Inflammaging adds a thermodynamic cost. A chronically activated immune system is metabolically expensive: it shifts immune cells toward aerobic glycolysis, increases mitochondrial reactive-oxygen production, and consumes NAD+ through PARP and sirtuin activity during ongoing damage signaling. iAge and IgG-G0 are, in this sense, readouts of how much of your metabolic budget is being diverted to a low-grade, self-sustaining inflammatory state, energy that is then unavailable for repair. The practical implication is quantitative: a result is most meaningful as a trend, tracked over time against a personal baseline, not as a one-off figure compared to a population.
5. Clinical and translational implications
For a clinician, the value is not in any single score but in triangulation. A defensible interpretive workflow:
- Establish the baseline across layers: an epigenetic clock for cumulative pace, an immune-age (IgG-glycan) for inflammatory set-point, and an inflammatory clock (iAge) for current burden where available.
- Read the discordance, not just the averages: it localizes the problem to programming vs. active inflammation (see Section 3).
- Match the intervention timescale to the layer: inflammation-directed and metabolic interventions move iAge and IgG glycans within months; epigenetic pace changes over longer horizons.
- Re-test on a rational interval: fast layers (inflammation) every 3–6 months; the epigenetic layer annually, and judge success by movement against the patient’s own baseline.
This is the gap most direct-to-consumer testing leaves open: the kit returns a number, but the number needs a clinician fluent in immunometabolism to convert it into a plan. That interpretive layer, not the assay, is where biological-age testing becomes medicine.
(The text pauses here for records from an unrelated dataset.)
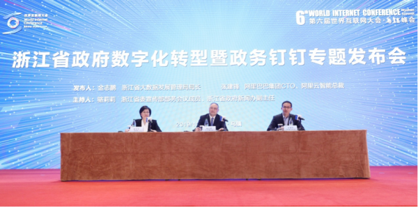 图为2019年世界互联网大会政务钉钉发布会,图中为浙江省大数据发展管理局局长金志鹏、图右为阿里云智能总裁张建锋
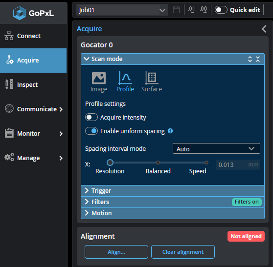 5. If necessary, adjust the settings on the Acquire page to get the best data possible from the scans of the alignment target.
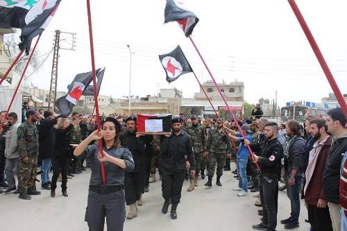 الحزب وأهالي سلمية شيعوا الشهيد الرفيق حسين المعمار وشهداء مجزرة قرية المبعوجة | |||
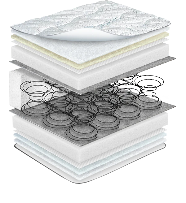 Наповненняпружини Bonnel, посилені, євроборт 10 см, масажна піна, бавовна, вовна, піна ортопедична, термоповсть
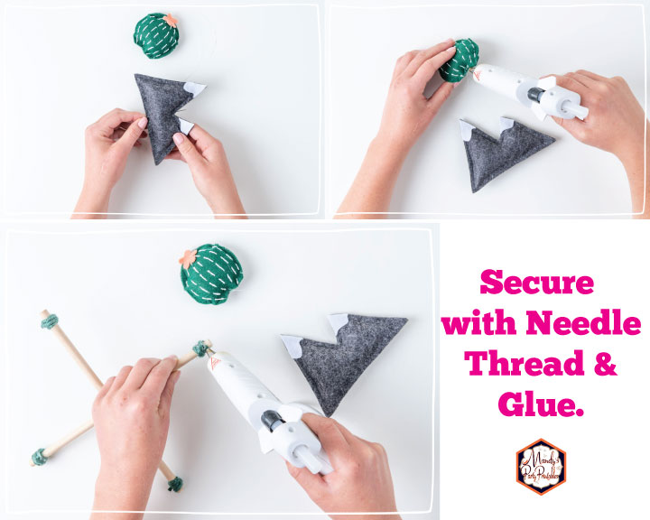 Step 8: With a needle and thread, string through each item and secure to the “T” using hot glue
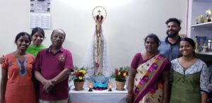 The pilgrim statue of Our Lady of Fatima was taken to the houses of our faithful in Chennai; there was a great veneration of Our Lady in each house as they welcomed Our Lady in a display of their love with wonderful floral arrangements as thrones made fit for the Queen. At each house we prayed the Rosary, the Litany was chanted and we sang hymns in honour of our Blessed Mother. Miraculous Medals and Rosaries were distributed to all those who attended and a short narrative about the apostolate of the M.I. was given to those who visited. We are truly thankful to our Blessed Mother for giving us the blessing of honouring her in this manner.
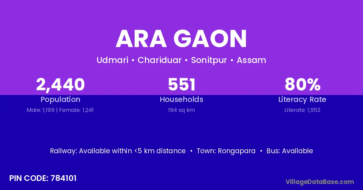 According to Census 2011 information, the village code of Ara Gaon village is 784101.
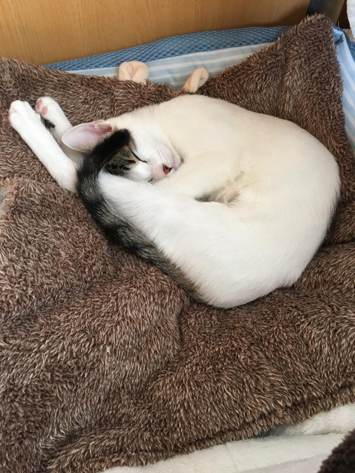 ミルクも家に帰宅し、ご飯とトイレを済ませ安心したのか、ミルクもお休み中☺️

A note on certainty. The mechanisms and figures above are drawn from peer-reviewed sources cited below. The IgG-G0 age trajectory (~20% at 25 → ~40% at 70) and CXCL9 as iAge’s top contributor are directly reported in the literature. Clock reliability figures vary by study and platform; the ICC ≈0.96 figure is reported for DunedinPACE and should be read as platform-specific, not universal.